# Small loan arrears bad credit



## DaveNicholas (2 May 2016)

Hi I got a first time loan in middle of last year 2015 of 1500 euro. I was paying them every week for 2 months and I got the shoe from home. I wasn't able to pay the credit union for 4 months and went into arrears of 691. I'm back home about 2 months now and have the arrears paid off. I literally had to paid them 150 a week and 1 week 300 to get out of arrears. I explained my situation and said would it be possible for a new loan once I have this paid off which I have 361 left to pay. The person said not for a good while. Has anyone ever been in this situation because I need a  new loan of 2500 euro for work. I work online btw. Will I be able to apply in 2 months or am I blacklisted for a year or so. I need this for work. I mean these dudes have made double back over arrear interest.


----------



## Bronte (2 May 2016)

Well your approach is all wrong as you can't even handle your first ever loan so what exactly do you expect from the Credit union.  Anyone who defaults is naturally enough not a good credit risk. 
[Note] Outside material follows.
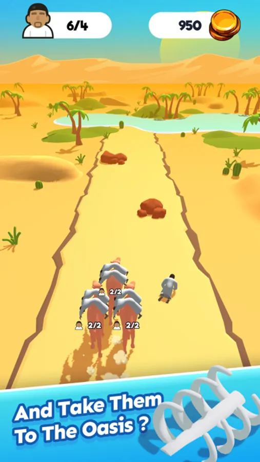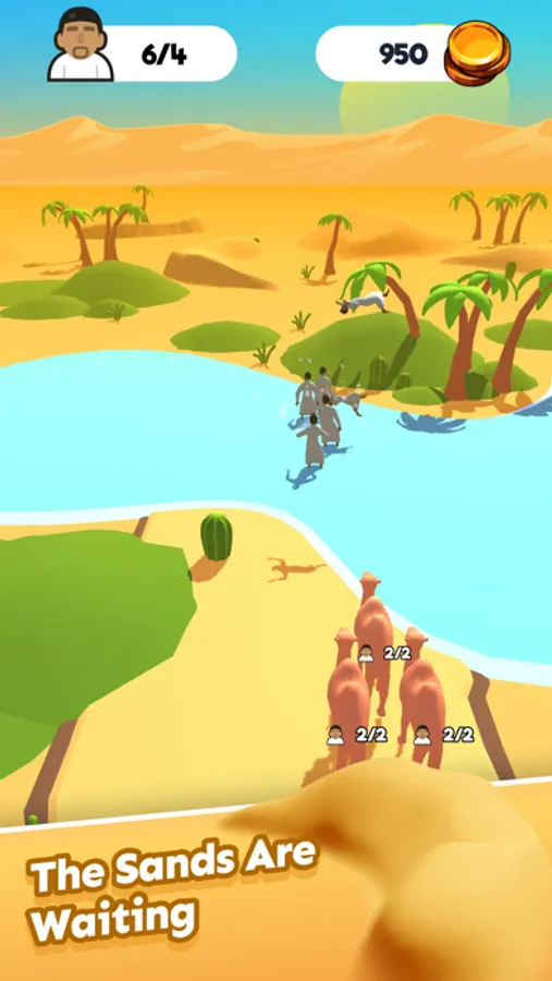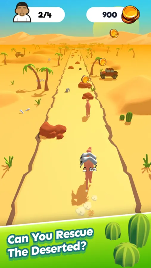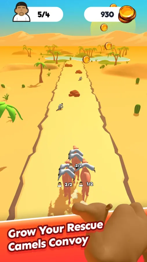 Welcome to the burning sands of the desert where many people got lost and your mission is to save them, get all the people on your trusty rescue camel's back and take them to the oasis, avoid all obstacles and collect more camels to add them to your rescue convoy, can you save all the deserted?!?

What do you need the money for?

And you're not understanding the concept of credit if you think how much money in interest the CU has made has anything to do with it.  If you don't want to pay interest don't borrow and save it up front instead.


----------



## Gerry Canning (3 May 2016)

Dave,

No lender has to give anyone a loan.
When you got the (shoe) from home , did you let CU know ? As far as they were concerned, you alone decided to change the Rules on repayments, explaining your position later and expecting (forgiveness) or more money is a bit naiive .
Would you lend a friend money for 6 months and relend to him again if he repaid the first loan 10 Months ? I think not.
You are not (blacklisted) as such. Go into ICB , irish credit bureau and get your credit listing.
If CU has marked your slow payments it will take circa 2 years clear payments before CU  will entertain you.Most other lenders will have a dim view of you for longer than 2 years.
CU would have charged you circa 7% that means they made circa e200 and remember most of that 200 goes to look after accounts ie they make little nuff!

Can I suggest (please) be very careful about future accounts.


----------